Holm Keller
Managing Director, EU Malaria Fund
Developing effective antimalarial medical interventions can be a lengthy, high-cost, high-risk process. A financing instrument is available to support SMEs and potentially speed up the development of vaccines, diagnostics and therapeutics.
Malaria continues to kill around 750 children under the age of five every single day.
These young children are indeed the most vulnerable group affected by malaria accounting for 67% of all malaria deaths worldwide in 2018. (WMR2019,WHO)
One thing is certain, says Holm Keller, Managing Director of the EU Malaria Fund, if malaria was endemic in Europe, the US, or any other country in the so-called ‘developed’ world, an effective vaccine and alternative treatments would have been found by now.
Developing a vaccine for a disease, such as malaria, is high-risk and hugely expensive, which is why big pharmaceutical companies largely avoid doing so.
“On average, vaccine development costs €1 billion,” notes Keller. “So, even if a pharma company successfully brought a malaria vaccine to market, it still wouldn’t repay their investment.”
What’s needed is a way to de-risk development into novel pharmaceuticals.
Hence the creation of the EU Malaria Fund, a public-private partnership between the European Union, international organisations, corporations, and organised civic society.
Engaging biotechs and balancing risk
“The Fund is a minimally invasive, non-dilutive financing instrument,” explains Keller.
“It invests in a number of small or medium-sized biotech companies (SMEs), with the stipulation that malaria has to be part of their platform.”
On average, vaccine development costs €1 billion. So, even if a pharma company successfully brought a malaria vaccine to market, it still wouldn’t repay their investment.
Investing in a portfolio of research projects (currently 11 companies with 27 independent projects) balances risk and increases the chances of success.
The Fund does not aim to bring the innovations to market directly, however. Instead it supports SMEs until certain proof-of-concept milestones are reached, thus demonstrating the value of the novel product and highlighting the potential of these SMEs to the large multinational pharma companies, which may eventually wish to acquire the company and bring the products to market themselves.
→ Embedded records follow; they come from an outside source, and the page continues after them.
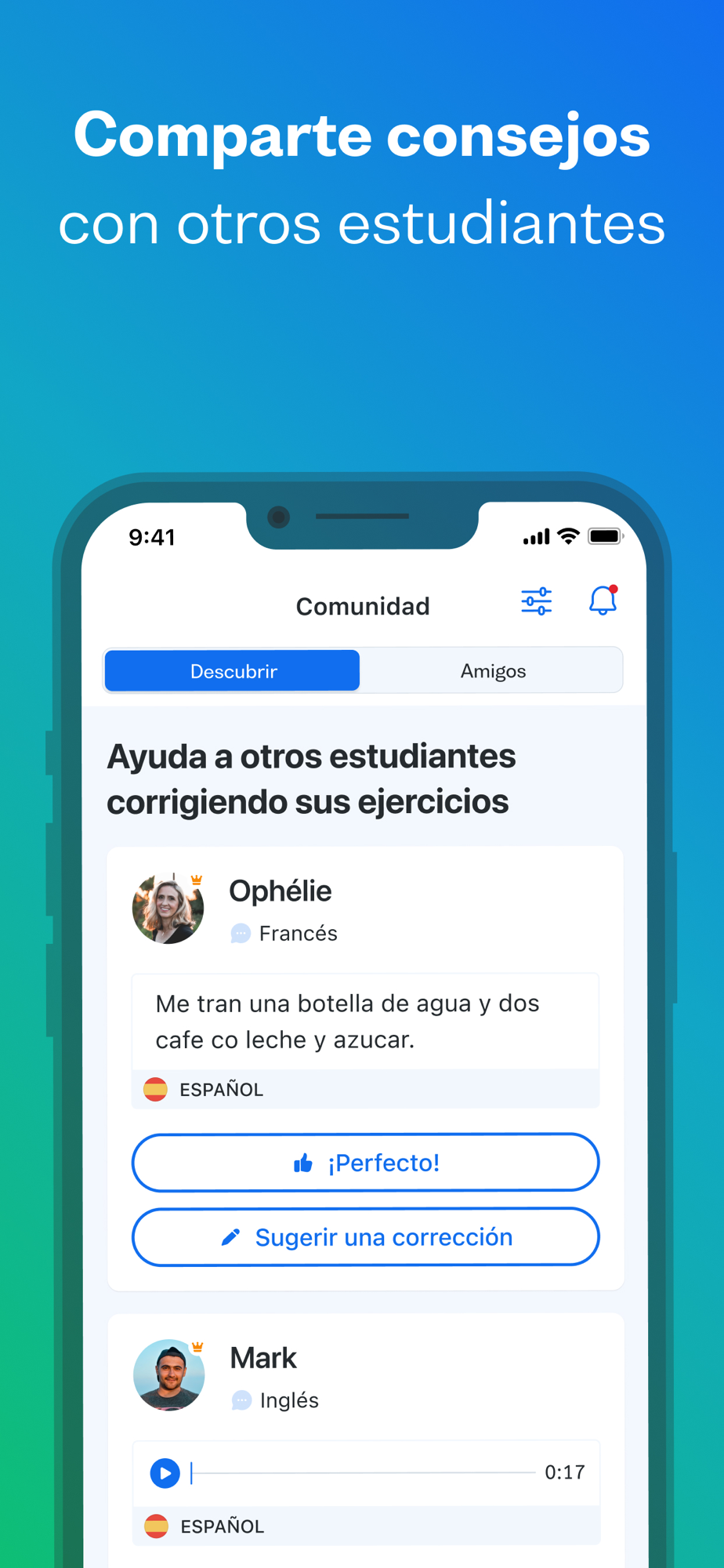 – Hablar con fluidez gracias a las correcciones de hablantes nativos
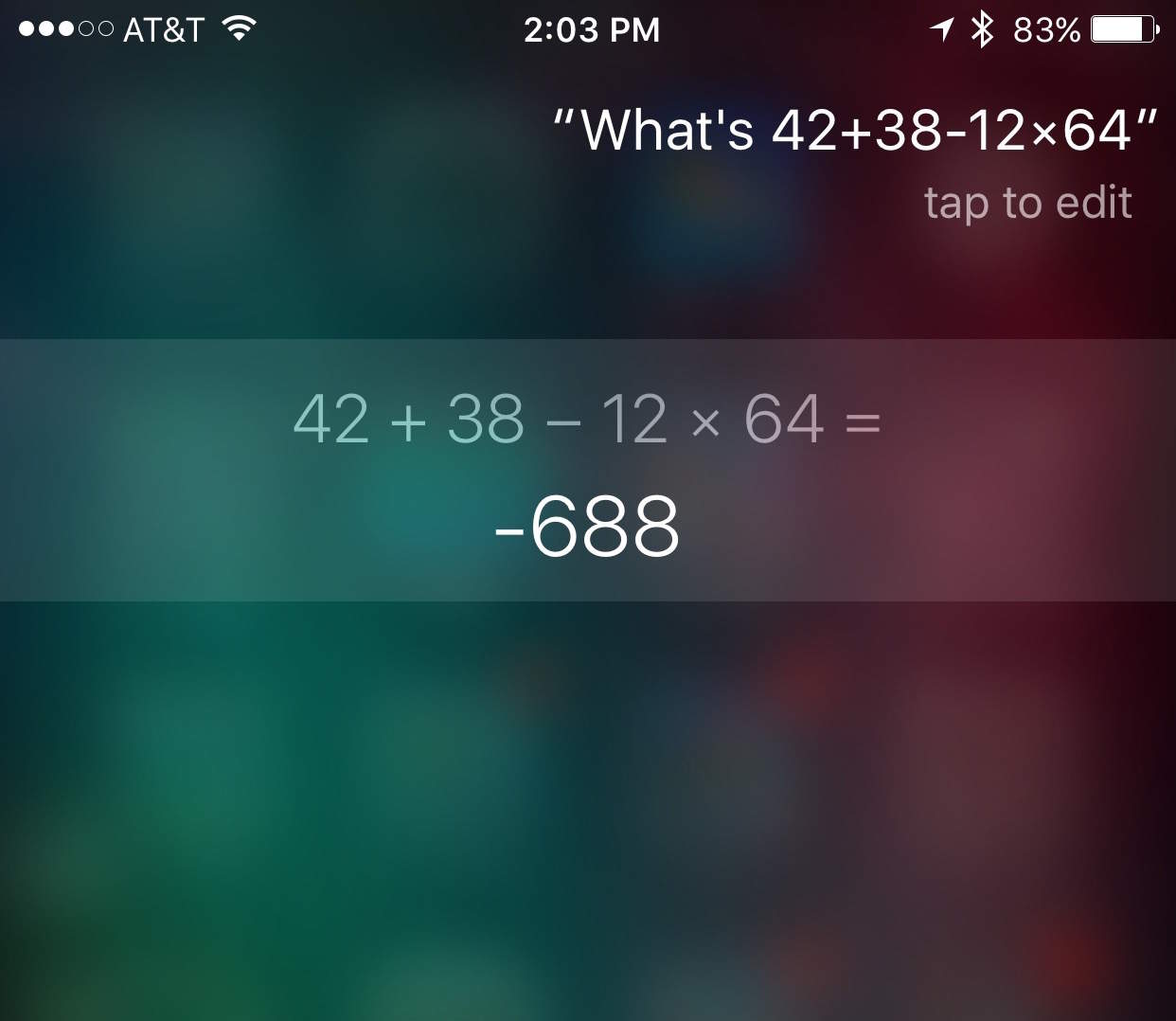 But the answer is WRONG, depending on how you read the equation. I read it as 42+38=, -12=, x64= which totals 4352. If that’s how the equation is expressed, Siri can’t help you.
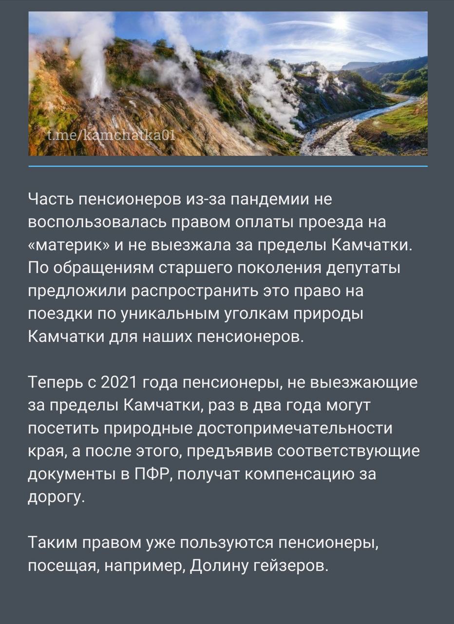 Камчатские пенсионеры могут бесплатно слетать в Долину гейзеров раз в два года.

Indeed, this type of platform funding is a way to engage smaller biotechs that would not normally engage in the development of products to prevent, diagnose or treat malaria. “Plus, it allows easy transfer of ideas from academia because, finally, there’s a way to advance promising science beyond grant funding,” says Keller.
“It’s an instrument that may yield important results and could potentially be leveraged in other disease areas where there is a similar market failure.”
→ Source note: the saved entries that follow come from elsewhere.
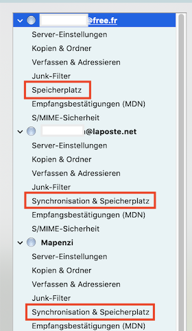 In den Konten-Einstellungen >> %Kontenname% haben POP-Konten eine Einstellung "Speicherplatz" während sie bei IMAP-Konten "Synchronisation & Speicherplatz" heißt:
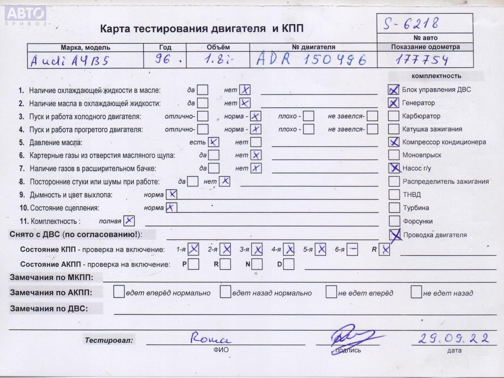 | Автомобиль / VIN: | S6218 WAUZZZ8DZTA258475 |
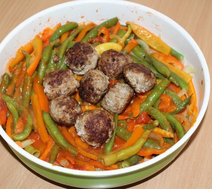 Соте из стручковой фасоли готовится очень быстро, и в результате получается сочным с чуть хрустящими ингредиентами. С добавление фрикаделек получаем полноценный ужин.
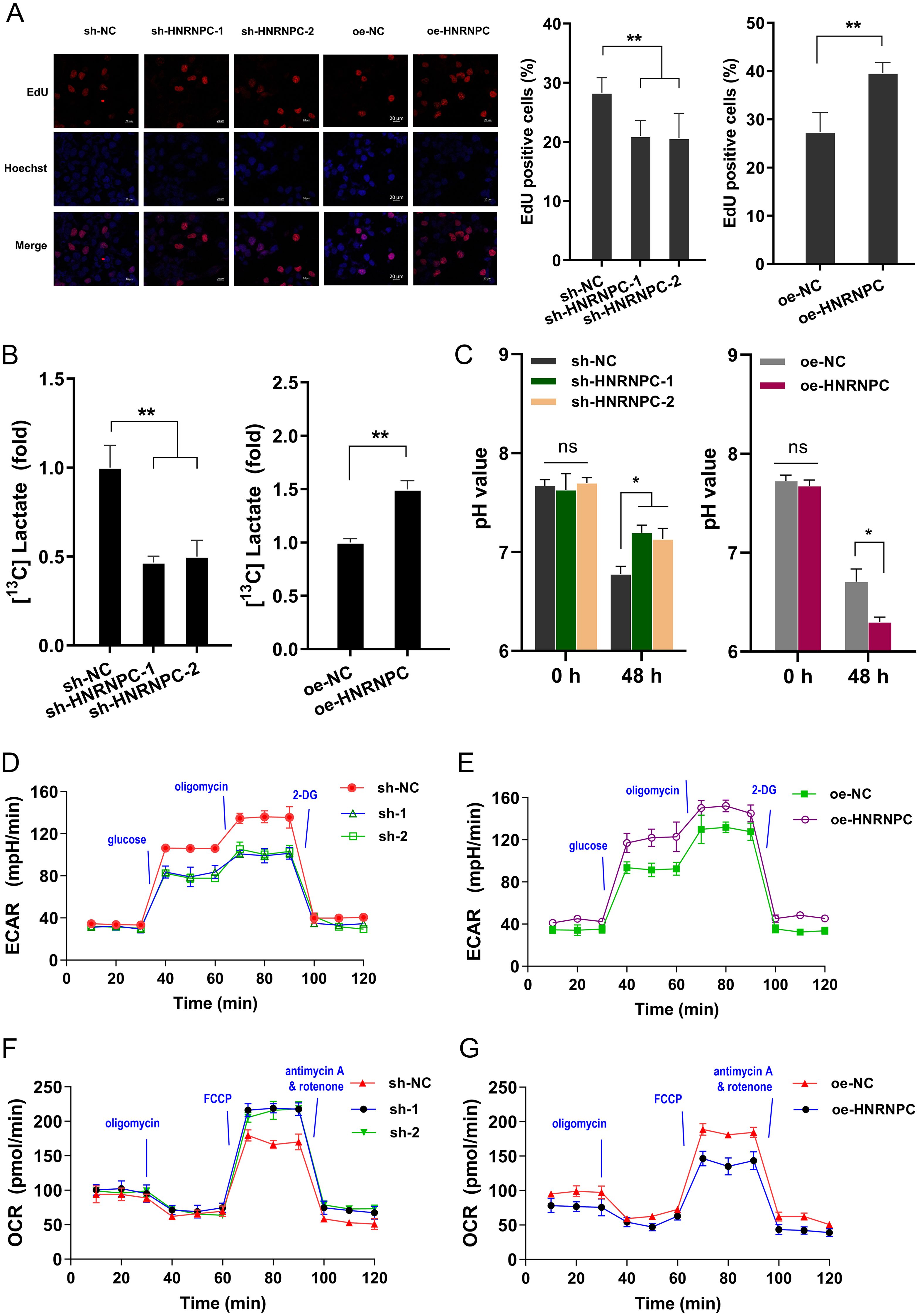 Figure 2. HNRNPC positively fortified the aerobic glycolysis and lactate accumulation in GC. (A) The proliferation assay by EdU assays indicated the proliferation of GC (MKN74) cells with stably HNRNPC silencing (sh-HNRNPC-1, sh-HNRNPC-2) and HNRNPC over-expression. (B) Lactate production was measured in MKN74 cells with stably HNRNPC silencing (sh-HNRNPC-1, sh-HNRNPC-2) and HNRNPC over-expression by isotope tracing 13C manner. (C) The pH value of the culturing medium of GC cells with HNRNPC silencing or overexpression. (D, E) The extracellular acidification rate was tested after transfection of MKN74 cells with HNRNPC silencing or overexpression. (F, G) The oxygen consumption rate (OCR) was tested after transfection of MKN74 cells with HNRNPC silencing or overexpression. *p<0.05; **p<0.01. NS is "no significant".
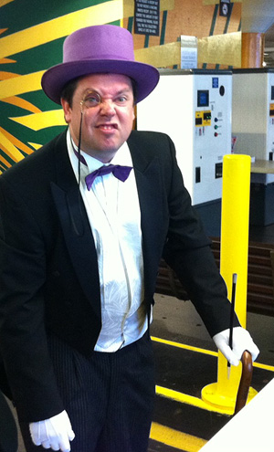 Only in San Francisco would Batkid and Batman, played by Eric Johnston of Lucas Arts, show up in twin Lamborghinis at their crime fighting destinations. The Penguin, played by Lucas Arts’ software engineer Mike Gutan, squealed off with a trussed up Lou Seal in a Rolls Royce. You’ve got to hand it to Gotham City West: They like to do things in style.

Working together for successful anti-malarial development
By pursuing a number of independent projects in the malaria field, the EU Malaria Fund hopes to increase the chances of discovering second-generation vaccines and therapeutics.
The catastrophic COVID-19 pandemic has given the world a new appreciation of vaccines and therapeutics, says Holm Keller, Managing Director of the EU Malaria Fund.
“COVID-19 has increased awareness of infectious diseases,” he says. “It’s critical these diseases are dealt with for the good of public health, starting with the biggest killers. And malaria is one of the biggest.”
This is why the 280 Million Euro Fund is working with a portfolio of small-and-medium-sized companies that are developing a wide range of promising anti-malarial projects.
The remaining six are non-malaria related and focus on other under-served infectious diseases, such as COVID-19.
These are included because the Fund invests in SME’s platform technologies, which explore multiple – rather than single – product candidates.
Investing in a variety of candidates to increase chances of success
“Of the 27 projects, 19 are vaccine candidates, seven are therapeutics and one is a test,” says Keller. “The thinking is that, by supporting 21 malaria related projects, we are 21 times more likely to discover one working anti-malarial product.”
To further increase these chances, it’s important that all projects are different from each other.
So, instead of replicating what has been done before in the malaria field, investment is being directed towards a diversity of new, scientifically sound hypotheses.
Active conversations are ongoing with a number of big pharmaceutical companies that are interested in acquiring the SMEs in the Fund’s portfolio.
Keller is therefore optimistic that this could be a turning point in the fight against malaria.
“I believe that, in three to five years, we will have two second generation malaria vaccines,” he says. “That’s a situation the world has never enjoyed before. In the malaria community, we’re aware that the Fund’s contribution is small — but it may be the ingredient that makes all the difference.”